Breaking America is supposed to be a Herculean task for a British band. Well, it is. Unless you're a boy band like One Direction.
That might help explain the steady rise of Arctic Monkeys. Not to belittle the Sheffield rockers, but they are undeniably rather young and handsome men. Alex Turner is just six years older than Louis Tomlinson (he's the rugged cute one in 1D).

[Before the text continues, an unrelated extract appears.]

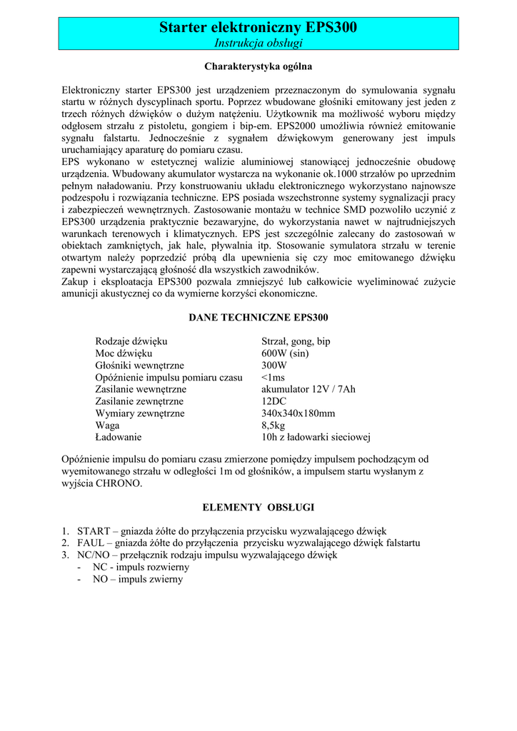 Starter elektroniczny EPS300 Instrukcja obsługi Charakterystyka ogólna Elektroniczny starter EPS300 jest urządzeniem przeznaczonym do symulowania sygnału startu w różnych dyscyplinach sportu. Poprzez wbudowane głośniki emitowany jest jeden z trzech różnych dźwięków o dużym natężeniu. Użytkownik ma możliwość wyboru między odgłosem strzału z pistoletu, gongiem i bip-em. EPS2000 umożliwia również emitowanie sygnału falstartu. Jednocześnie z sygnałem dźwiękowym generowany jest impuls uruchamiający aparaturę do pomiaru czasu. EPS wykonano w estetycznej walizie aluminiowej stanowiącej jednocześnie obudowę urządzenia. Wbudowany akumulator wystarcza na wykonanie ok.1000 strzałów po uprzednim pełnym naładowaniu. Przy konstruowaniu układu elektronicznego wykorzystano najnowsze podzespołu i rozwiązania techniczne. EPS posiada wszechstronne systemy sygnalizacji pracy i zabezpieczeń wewnętrznych. Zastosowanie montażu w technice SMD pozwoliło uczynić z EPS300 urządzenia praktycznie bezawaryjne, do wykorzystania nawet w najtrudniejszych warunkach terenowych i klimatycznych. EPS jest szczególnie zalecany do zastosowań w obiektach zamkniętych, jak hale, pływalnia itp. Stosowanie symulatora strzału w terenie otwartym należy poprzedzić próbą dla upewnienia się czy moc emitowanego dźwięku zapewni wystarczającą głośność dla wszystkich zawodników. Zakup i eksploatacja EPS300 pozwala zmniejszyć lub całkowicie wyeliminować zużycie amunicji akustycznej co da wymierne korzyści ekonomiczne. DANE TECHNICZNE EPS300 Rodzaje dźwięku Moc dźwięku Głośniki wewnętrzne Opóźnienie impulsu pomiaru czasu Zasilanie wewnętrzne Zasilanie zewnętrzne Wymiary zewnętrzne Waga Ładowanie Strzał, gong, bip 600W (sin) 300W <1ms akumulator 12V / 7Ah 12DC 340x340x180mm 8,5kg 10h z ładowarki sieciowej Opóźnienie impulsu do pomiaru czasu zmierzone pomiędzy impulsem pochodzącym od wyemitowanego strzału w odległości 1m od głośników, a impulsem startu wysłanym z wyjścia CHRONO. ELEMENTY OBSŁUGI 1. START – gniazda żółte do przyłączenia przycisku wyzwalającego dźwięk 2. FAUL – gniazda żółte do przyłączenia przycisku wyzwalającego dźwięk falstartu 3. NC/NO – przełącznik rodzaju impulsu wyzwalającego dźwięk - NC - impuls rozwierny - NO – impuls zwierny WIDOK ŚCIANKI EPS300 4. CHRONO – gniazda białe i czarne do przyłączenia linii startowej aparatury do elektronicznego pomiaru czasu. 5. NO/NC – przełącznik rodzaju impulsu do wyzwalania chronometru - NC – impuls rozwierny - NO – impuls zwierny 6. TEL.- gniazda niebieskie i czarne do przyłączenia telefonu wykorzystującego linię kablową startu (przez kondensator izolujący lub bezpośrednio). 7. LAMP – gniazda czerwone do przyłączenia styków wyzwalających lampę błyskową 8. AUDIO – gniazdo do przyłączenia wzmacniacza zewnętrznego 9. SPEAKER – gniazdo do przyłączenia dodatkowych głośników 10. GUN/GONG – przełącznik rodzaju dźwięku 11. ON/OFF – wyłącznik zasilania EPS300 12. READY – dioda sygnalizacyjna gotowość do generowania dźwięku 13. LOBAT – dioda sygnalizująca rozładowanie akumulatora wewnętrznego 14. DC12V IN – gniazdo DIN do przyłączenia zasilania zewnętrznego – ładowarki akumulatora wewnętrznego OPIS UŻYTKOWANIA 1. Ustawić EPS300 głośnikami w kierunku startujących zachowując możliwie równe odległości od wszystkich zawodników. 2. Do gniazd START koloru żółtego dołączyć: - przewód z przyciskiem będący na wyposażeniu lub - lampę błyskową typ LBS2000 lub - tradycyjny pistolet startowy nie naładowany 3. przełącznikiem NC/NO wybrać odpowiedni rodzaj impulsu wyzwalającego Przycisk będący na wyposażeniu jest normalnie rozwarty i wymaga ustawienia przełącznika (3) w pozycji NO. 4. Do gniazd CHRONO (4) białego i czarnego podłączyć linię kablową od gniazd startowych urządzenia mierzącego czas. 5. Przełącznikiem NC/NO (5) wybrać odpowiedni rodzaj impulsu wyzwalającego chronometr – chronometry ST1000 i ST2000D wymagają ustawienia w pozycji NO. 6. Przełącznikiem GUN/GONG wybrać odpowiedni rodzaj generowanego dźwięku. W pozycji górnej jest to odgłos strzału. W pozycji środkowej krótki i wysoki dźwięk – bip. W pozycji dolnej – gong. 7. Włączyć zasilanie przełącznikiem ON/OFF (11). Spowoduje to zapalenie się lampki podświetlającej przełącznik, a po upływie ok. 5 sekund lampki READY (12) co oznacza gotowość do pracy. 8. Wyzwalać wybrany sygnał startowy przyciskiem startowym przyłączonym zgodnie z pkt.2. 9. Po zakończeniu pracy przełącznik ON/OFF (11) ustawić w pozycji OFF. 10. Przed każdym dniem pracy EPS300 ładować przez okres 10 godzin za pomocą będącej w wyposażeniu ładowarki sieciowej, którą należy podłączyć do gniazda typu DIN oznaczonego - DC12V IN(14). 11. W przypadku dużej ilości oddanych strzałów bez możliwości ładowania akumulatora wewnętrznego i zaświecenia się lampki sygnalizującej LOBAT (13), EPS2000 można zasilić z dowolnego źródła napięcia stałego 12V (np. akumulator samochodowy) wykorzystując kabel zasilania zewnętrznego będący na wyposażeniu EPS300. Przy podłączaniu należy pamiętać o zachowaniu zgodności biegunowości zacisków. 12. Do gniazd LAMP (7) koloru czerwonego można podłączyć styki lampy błyskowej dowolnego typu. Błysk lampy w momencie startu jest sygnałem do uruchomienia stoperów ręcznych przez sędziów mierzących czas na mecie. Oferowany obecnie model lampy błyskowej LBS2000 jest podłączany do drugiej pary styków przycisku wyzwalającego starter krótkim przewodem.. 13. Do gniazd TEL (6) koloru niebieskiego i czarnego można podłączyć telefon wykorzystujący przewód łączący EPS300 z chronometrem do utrzymywania łączności między obsługą sędziowską na starcie i na mecie. Para gniazd górnych niebieskie i czarne jest przeznaczona dla te

But the better explanation for how Arctic Monkeys have kept their fifth album, AM, high on American charts for nearly a year, and have landed American Bacardi commercials, is that they continue to sound and look more and more, well, American. After Elvis-shimmying his hips through "Arabella," frontman Alex Turner actually says, "Uh, thankyuhverymuch," just like the King. He sports a belt buckle the size of an appetizer plate. After the third song or so, just as his greased hair begins to fall across his forehead, he flicks a comb out of his blazer and slicks back his coif. Drummer Matt Helders, who has helped beef up the band with his heavy low end, sports a snap-button cowboy shirt.
It's shocking how much this band has changed from the nervy, pimply, punky Britpop band of its first couple albums. Gone are the shag haircuts and anoraks. Now they all look like Joseph Gordon-Levitt in a Christopher Nolan film and sound like the Guess Who.
Aside from Presley, Dean and Fonzarelli, Turner also mimicks Mick Jagger a good bit—the wrists against the hips, the duck nod. Frankly, he lays the whole Rock Frontman thing on thicker than mayo on a Whopper. But that is what makes them great. That is what made them popular. Laying it on thick is bold. Guardians of the Galaxy lays it on thick, and that's a blast. If you're not laying it on thick, you're just dooming yourself to obscurity.
The latest record sounds massive live. The slower tempos, deeper bottom and curvier melodies are built for a festival. The band claims Dr. Dre was a major influence. That being said, the north field is half full. Most of the tank topped bros and girls in the park are watching Eminem, shrieking when Rihanna shows up. Sorry, Monkeys, this is still America after all, not Glastonbury. And nobody lays it on thick like a real Dr. Dre disciple rapping about murdering his wife.